Spurr and Shakespeare [23] followed 82 children and found 65% hypertrophic scars. Bombaro et al. [24] reported an average of 67% cicatricial hypertrophy (up to 100% in children with non-white skin). Finally, Delavary et al. [25] found a rate of 60% hypertrophic scars in burn patients, mainly in the first three months after the onset of the burn. According to them, young and non-smoking subjects are more likely to develop hypertrophic scars. In each of these studies, the number of patients remains low and the population monocentric. Further and larger studies would be needed to better identify populations at risk. The risk factors identified to date are young age, location of the upper limbs or neck, dark phototype, repetition of surgical procedures, initial severity of burn, and time to heal [25]. Lawrence et al [26] also find these risk factors in the literature, in addition to the female sex and skin grafts that required expansion (mesh-graft). Their review of the literature found a prevalence of hypertrophic scars ranging between 32 and 72%.

6.2 Retracted Scars

Retraction or contraction of the skin following a burn results from an excessive, hypertrophic scarring, of which we have just spoken. Functional consequences can be major and threaten the socio-professional future of patients. They are frequent and particularly disabling in the articular areas. The prevalence is very variable according to the studies, one finds on average between 38 and 54% of contraction in the years following the occurrence of the burn [27]. According to the authors, these would be more common in severely burned patients, children, women, and upper limb.
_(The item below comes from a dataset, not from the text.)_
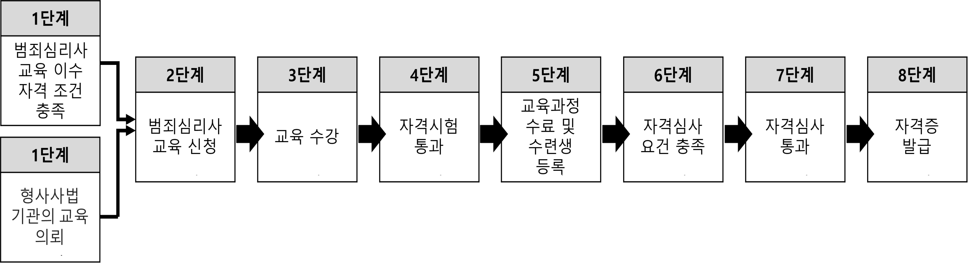 1단계: 범죄심리사 교육 이수 자격 조건 충족 (전문가 과정 및 1급 과정)

Gangemi et al. [28] analyzed 703 burned patients and found on average 77% of pathological scars (44% hypertrophy, 5% contractures, 28% combining both). They also found as risk factors the female sex, the young age, localization of the burning of the upper limb or the neck, the repetition of the surgical procedures, and the expansion of the skin grafts when these are realized.

7 Impact of Scars

Although many studies concern the epidemiology and management of scars, very few have been interested in the consequences of these scars. However, it is estimated that more than one in two patients are not satisfied with the appearance of their scars, 20% of patients suffer from anxiety, and more than 50% feel that their privacy is affected by the presence of their scars [29].

8 Conclusion

Few studies have really focused on the epidemiology of scars and their consequences. When studies are conducted, they often concentrate around a given geographic population and report only a small number of patients. There are probably many lost sight, since many patients live surely with their scars (hypertrophic, keloids) without consulting. Larger scale studies should be carried out to determine the frequency of occurrence of these scarring abnormalities, in order to better identify them and, consequently, to better treat them.

Take Home Message

The epidemiology of pathologic scars is diverse. Sixty percent of scars located on the thorax may become hypertrophic, and a patient from Zaire has 100% more risks to develop a keloid than a patient native from England. Burns may issue up to 77% of pathologic scars, combining hypertrophic, retractile, and keloid scars. The role of hormonal status, nutrition, and many other factors has been suspected in keloids.